EUROPE'S "CAP AND TRADE" PROBLEMS
April 9, 2007
As U.S. lawmakers work on the details of "cap and trade" carbon dioxide legislation, they need to know what Europeans already know: When trying to slow down global warming, beware of unintended consequences, says Steven Mufson in the Washington Post.
Consider Kollo Holding's (a silicon carbide maker) factory in the Netherlands:
- Managers at the factory say their plant as an ecological standout: They use waste gases to generate energy and have installed the latest pollution-control equipment.
- But Europe's emissions program has driven electricity prices so high that the facility routinely shuts down for part of the day to save money on power, which, contrary to environmental goals, reduces energy efficiency.

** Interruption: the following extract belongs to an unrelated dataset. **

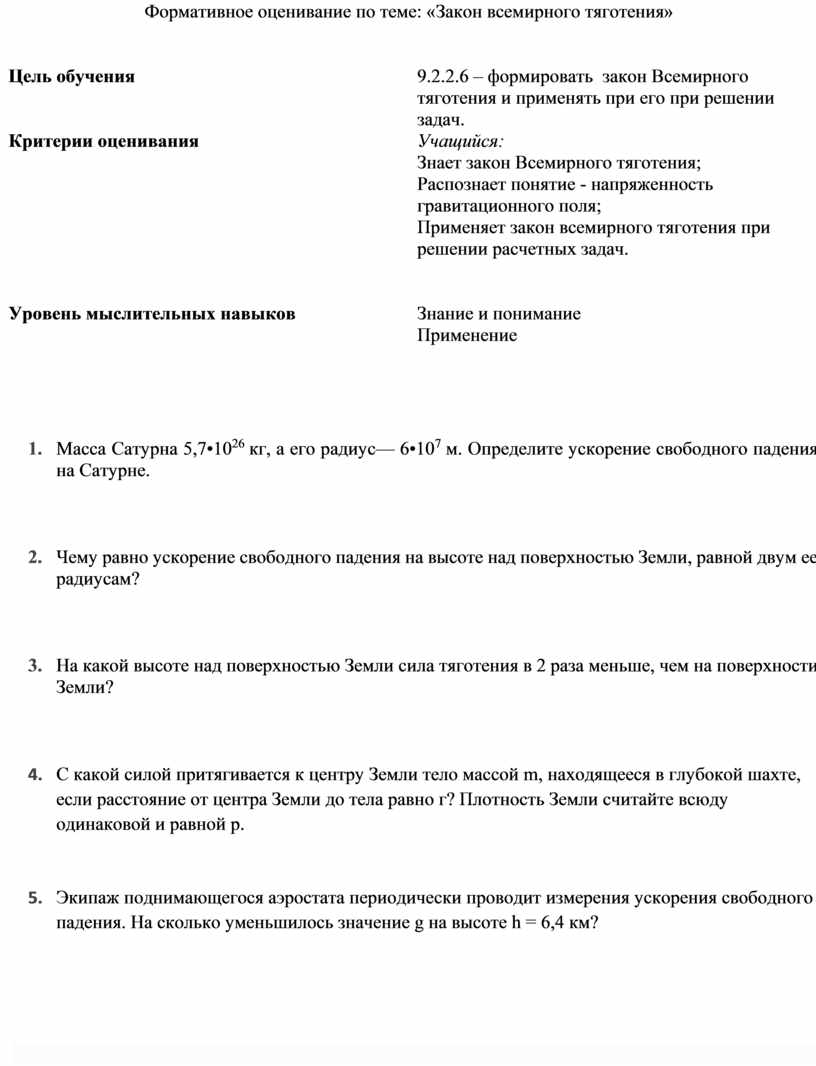 Формативное оценивание по теме: «Закон всемирного тяготения»

- Although demand for its products is strong, the plant has laid off 40 of its 130 employees and trimmed production.
- Two customers have turned to cheaper imports from China, which is not covered by Europe's costly regulations.
They aren't the only ones suffering, says Mufson. French cement workers fear they're going to lose jobs to Morocco, which doesn't have to meet the European guidelines; and German homeowners pay 25 percent more for electricity than they did before the caps.
Making matters worse, the rationing hasn't proved successful, says Mufson:
- Because of lobbying by well-connected companies, the EU's limits on emissions ended up being higher than the actual emissions.
- As a result, fewer companies than expected had to buy emissions this year, and the price of carbon allowances, which had topped $30 per ton of carbon about a year ago, crashed to about $1 a ton.
- Germany boasts that it has cut emissions to 18.4 percent below 1990 levels, but nearly half the reduction was because of sagging industrial output in the former East Germany after reunification.
- For the 2008-2012 period, European Union officials sliced 5 percent off Germany's emissions proposal.